Angela sniffed suddenly, breaking the thoughts going round and round inside Max’s head. “I never wanted to hurt them. I certainly didn’t want it to end up like this.” She turned to look at Max. “You don’t really think she’d try to kill me, do you?”
“You’re the one who had sex with her. Why don’t you tell me?”
“Do I detect a little censure there, Max?”
“Yes. Despite everything, I like Julia.”
“I do, too.”
“And I don’t like that everyone ended up using her.”
“Neither do I,” Angela whispered with real feeling.
“Didn’t you mind that Bud forced you to have sex with her?”
“You mean because she’s a woman?”
Max nodded. It was another thing she wanted to know, to wend her way into Angela’s psyche.
“No. I wouldn’t call myself a lesbian or even bisexual. More like a humanitarian. Julia felt better about herself. She’d been lying for years about who she really was. I let her see it was okay.” With a deep breath, she glanced at Max. “I’d do you if I thought you’d feel better about your husband and your uncle.”
Max laughed instead of screaming at her. “Thanks, but I don’t think sex is going to make me feel better about anything.” It certainly hadn’t last night. It had only driven her deeper into a hole with Witt, one she was sure she’d never get out of.
“Sometimes sex is the only weapon we have.”
“I’d like to stop thinking of it as a power tool.” Max shifted in her seat, stared out the side window at the cars racing by, listening to the slosh of the tires on the wet concrete.
Angela slid her hands down to the bottom of the steering wheel, holding it with a relaxed grip. “I once went to a psychiatrist who said that when you’re taught the power of sex very young, you’ll use it the rest of your life to get what you want. You force it, you tease with it, you withhold it, you cleanse someone with it. But in the end, it’s all about getting your own power.”
Max watched the spit of the tires on the car next to her, their speed, for one short fraction of time, matching.
“I had no power until the day I turned thirteen,” Angela said.
Max’s stomach tightened.
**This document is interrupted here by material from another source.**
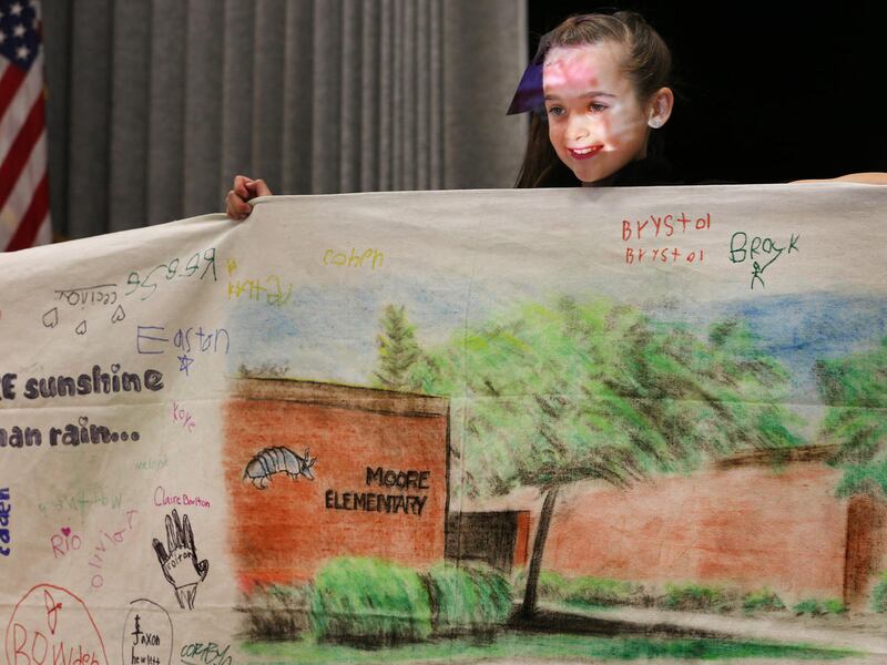 The fifth-grade students at Moore suggested things like new books and class supplies, as well as replacement gym equipment.

Thirteen, such a bad, bad age. Terrible things happened to thirteen year-olds. “What changed?”
“I almost died.”
Max didn’t want to know, wanted to cover her ears and close her eyes.
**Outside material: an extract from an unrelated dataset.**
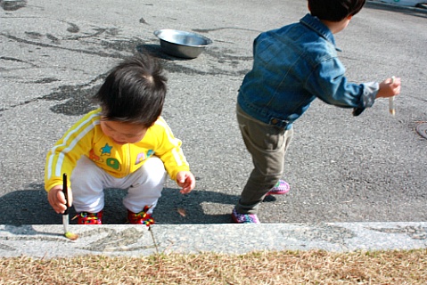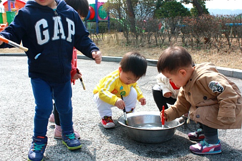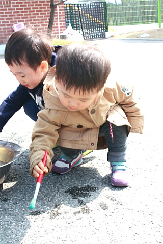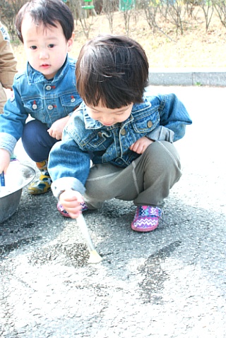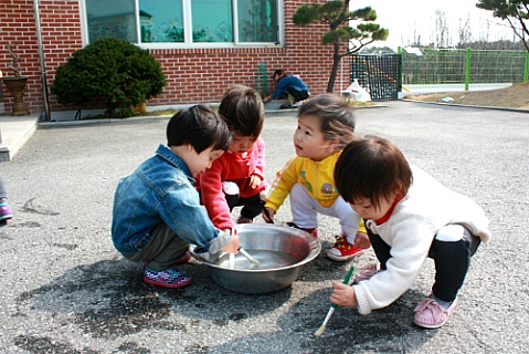이슬반 친구들이 함께 그리는 물 그림이에요~

Hear no evil, see no evil, speak no evil.
“Why?”
“He made me”—Angela’s voice dropping to a whisper—“kill it. It almost killed me, too.”
Max struggled not to scream, Cameron’s words echoing in her ears.
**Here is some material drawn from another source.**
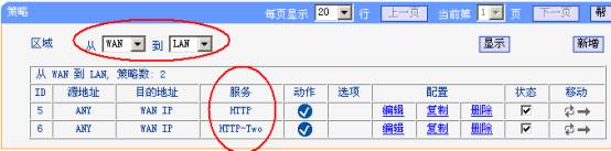 - 经过上面这几个参数的配置后,策略就算是设置完成了,最后点击“确定”按钮就行了。如下图可以看到从WAN——>LAN新增了一条策略,策略的源地址ANY表示任何源地址,发送到目的地址也就是TL-FR5300的WAN口IP ,数据包访问的是HTTP 80端口,那么TL-FR5300就将数据包转发至内网。

Ask her why she can’t have children.
Angela never said what
it
was. Max’s hand fell to her abdomen, her womb, the seat of motherhood. She didn’t have to ask to know.
Silence in the car, dark and threatening. Max’s hand went to the door handle, some vague notion of yanking it open, throwing herself out, just to get away ... away.
Please, please, please let me out of here.
But Angela saved her, pulled them both back from the brink, voice returning to normal, calm, like she was telling a story about someone else, someone she didn’t even know. “My father didn’t always use sex, though. Sometimes he used other things.”
Max breathed in the scent of the leather seats, brushed her fingers over the butter softness of them and found herself forced to ask, “What else did he do?”